▼

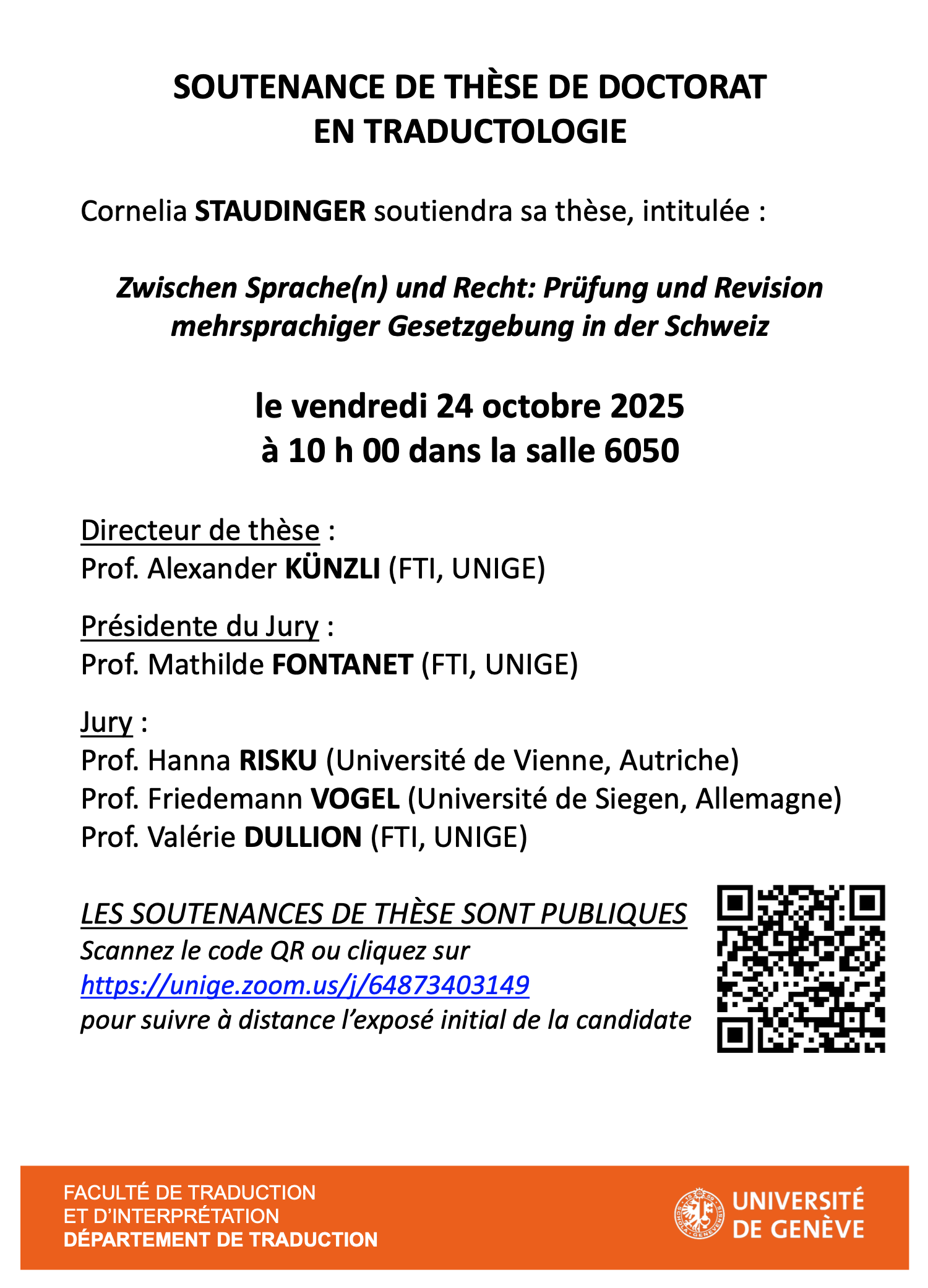 Cornelia STAUDINGER a soutenu, le vendredi 24 octobre 2025, sa thèse de doctorat intitulée : « Zwischen Sprache(n) und Recht: Prüfung und Revision mehrsprachiger Gesetzgebung in der Schweiz». Elle a obtenu la mention « Très honorable avec félicitations du jury ».
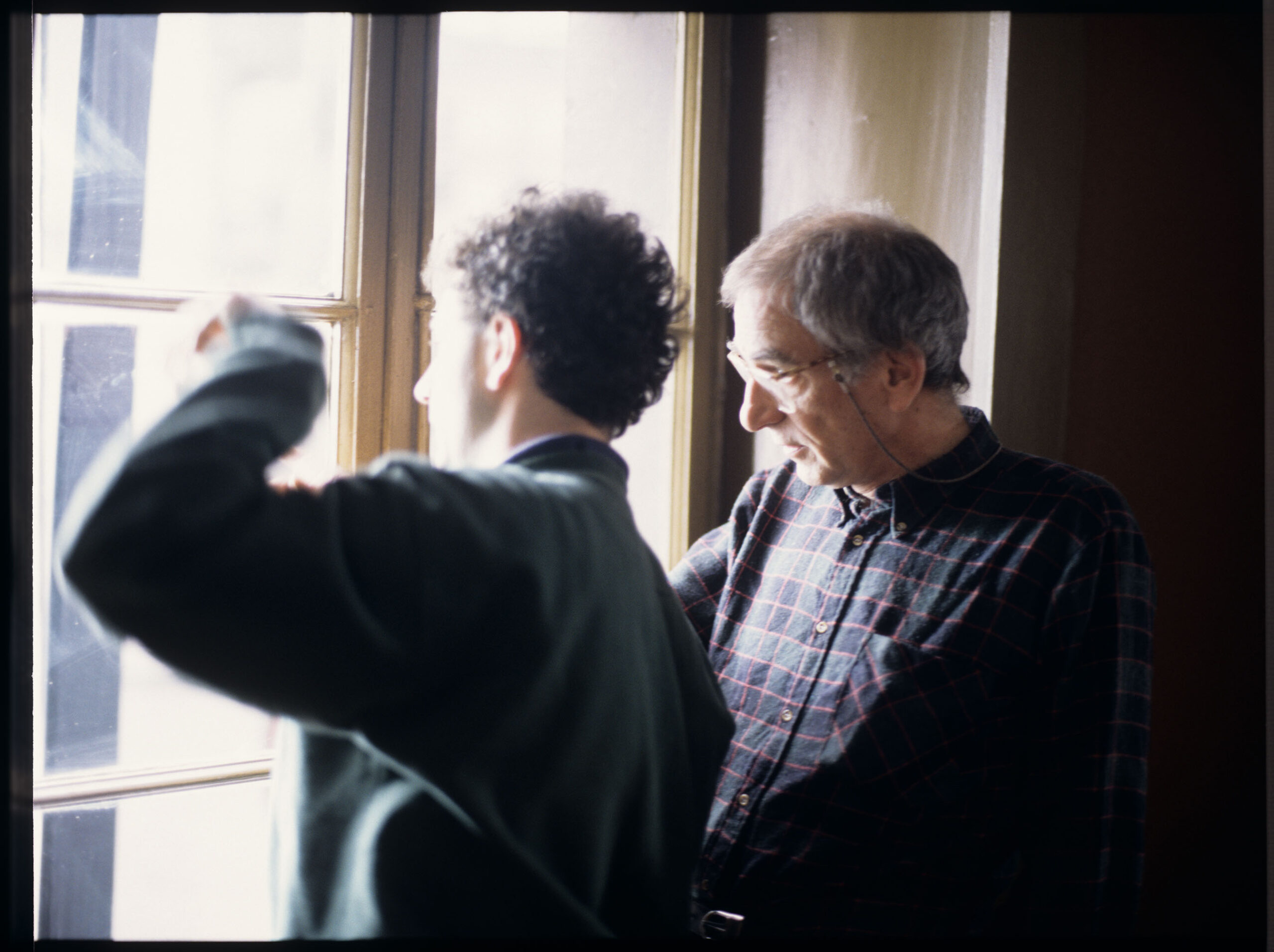 Krzysztof Kieślowski (director) and his assistant Emmanuel Finkiel on the shooting set.
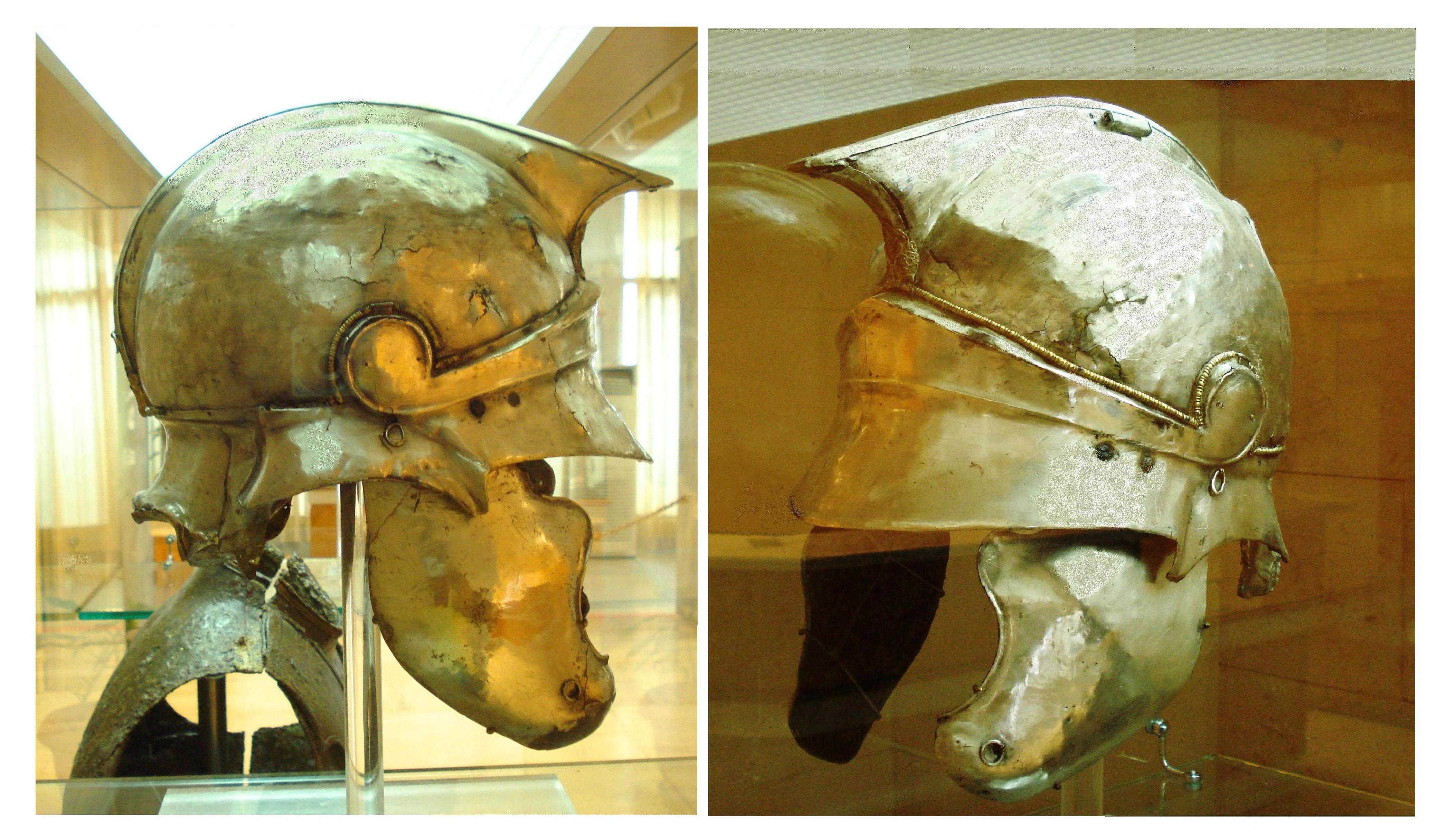 박물관의 고대 에피로스 은제 투구
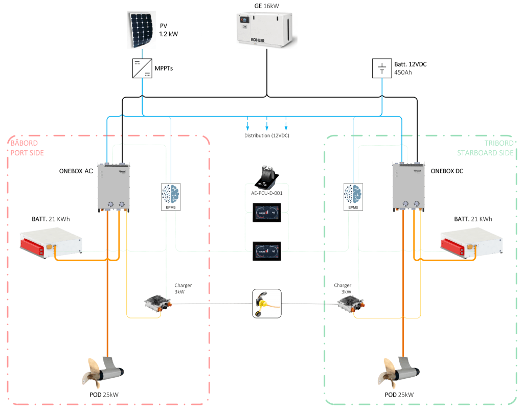 The Smart Electric is a hybrid electric catamaran, comprising two pure electric propulsion systems coupled with a single diesel generator. The two propulsion systems, one per side, are fully redundant with each side containing:
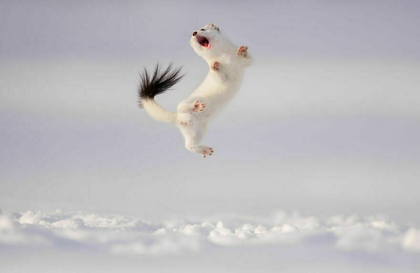Фотография Хосе Грандио, сделанная во французских Альпах, показывает одного из самых частых зверьков, что можно встретить в тех местах. Любопытно, что между осенью и зимой горностаи некоторое время отсиживаются в норах, пока их коричневая летняя шкурка окончательно не сменит цвет на белый.
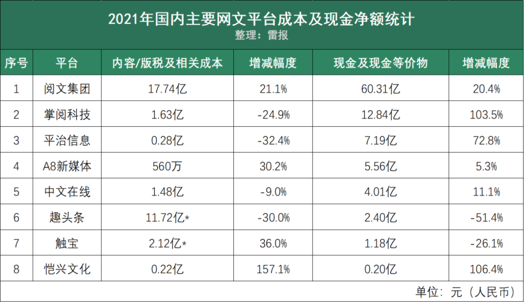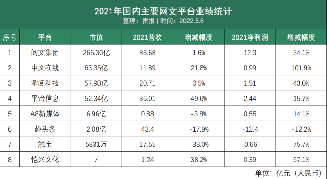 恰逢近日国内主要上市网文平台都已公布完毕2021年财务报告,雷报据此将分析网文行业最具代表性的几家公司的年报,以对该行业做更深入透彻的了解。本文分析公司共计8家,包括A股上市的掌阅科技、中文在线、平治信息,港股上市的阅文集团、A8新媒体、美股上市的触宝和趣头条以及近期再次向港交所提交上市申请的恺兴文化。
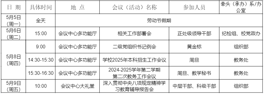 2025年春季学期第12周建筑与交通工程学院重要会议(活动)安排
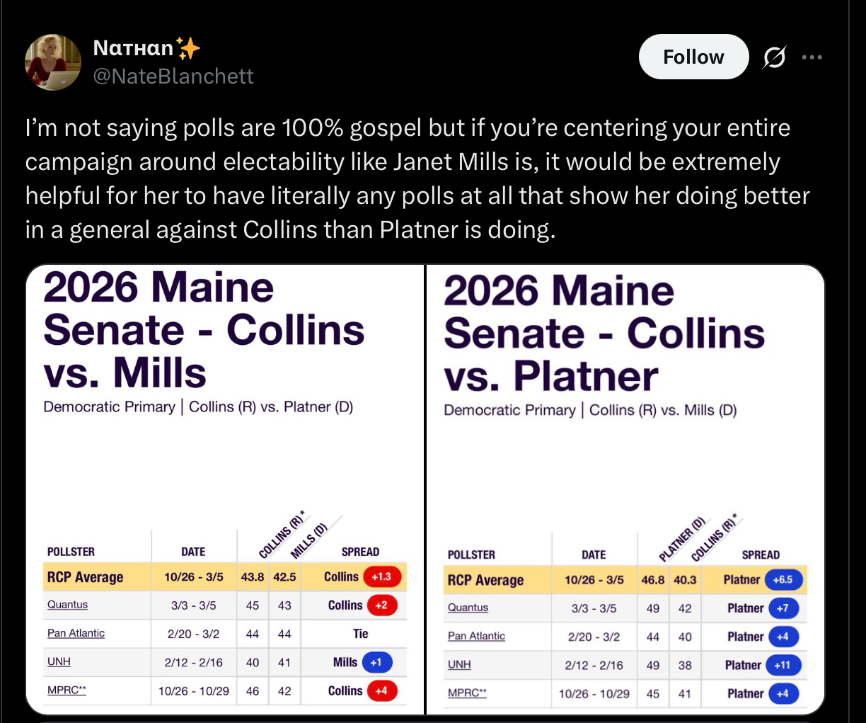 @Jack1 platner has financial support of Dems in maine and gets good crowds. Hard to seem him losing
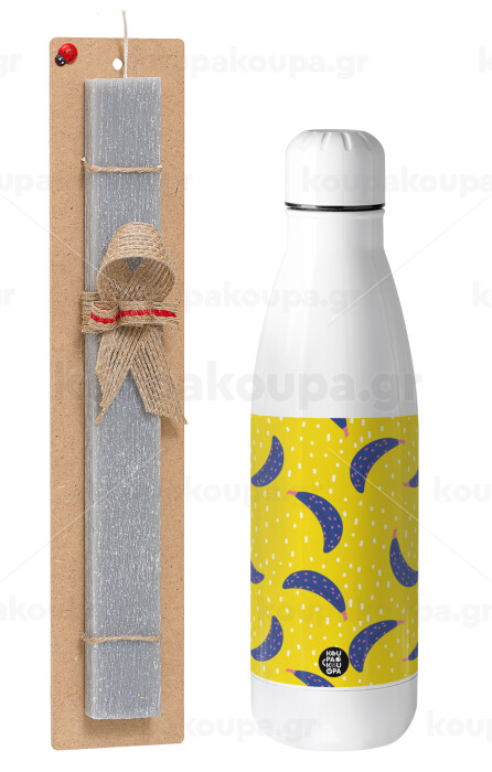 Yellow seamless with blue bananas, Easter Set, metallic stainless thermos bottle (500ml) & scented flat Easter candle (30cm) (GRAY)
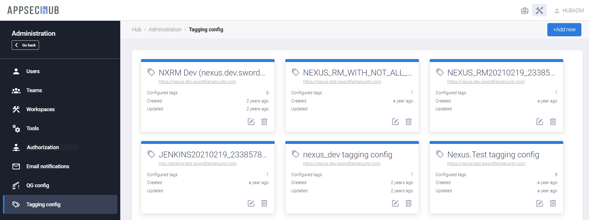 Если на этой странице еще не существует карточек конфигурации тегирования для нужного типа инструмента, нажмите кнопку +Add new в верхнем правом углу страницы Tagging Config, чтобы определить параметры тегирования. На экране появится окно Create tagging config.

▲

▶ [PROBLEM REQUIREMENTS]: From the first record to the last, print everything again exactly, without pictures.

▶ [REPLY]:
 Cornelia STAUDINGER a soutenu, le vendredi 24 octobre 2025, sa thèse de doctorat intitulée : « Zwischen Sprache(n) und Recht: Prüfung und Revision mehrsprachiger Gesetzgebung in der Schweiz». Elle a obtenu la mention « Très honorable avec félicitations du jury ».
 Krzysztof Kieślowski (director) and his assistant Emmanuel Finkiel on the shooting set.
 박물관의 고대 에피로스 은제 투구
 The Smart Electric is a hybrid electric catamaran, comprising two pure electric propulsion systems coupled with a single diesel generator. The two propulsion systems, one per side, are fully redundant with each side containing:
Фотография Хосе Грандио, сделанная во французских Альпах, показывает одного из самых частых зверьков, что можно встретить в тех местах. Любопытно, что между осенью и зимой горностаи некоторое время отсиживаются в норах, пока их коричневая летняя шкурка окончательно не сменит цвет на белый.
 恰逢近日国内主要上市网文平台都已公布完毕2021年财务报告,雷报据此将分析网文行业最具代表性的几家公司的年报,以对该行业做更深入透彻的了解。本文分析公司共计8家,包括A股上市的掌阅科技、中文在线、平治信息,港股上市的阅文集团、A8新媒体、美股上市的触宝和趣头条以及近期再次向港交所提交上市申请的恺兴文化。
 2025年春季学期第12周建筑与交通工程学院重要会议(活动)安排
 @Jack1 platner has financial support of Dems in maine and gets good crowds. Hard to seem him losing
 Yellow seamless with blue bananas, Easter Set, metallic stainless thermos bottle (500ml) & scented flat Easter candle (30cm) (GRAY)
 Если на этой странице еще не существует карточек конфигурации тегирования для нужного типа инструмента, нажмите кнопку +Add new в верхнем правом углу страницы Tagging Config, чтобы определить параметры тегирования. На экране появится окно Create tagging config.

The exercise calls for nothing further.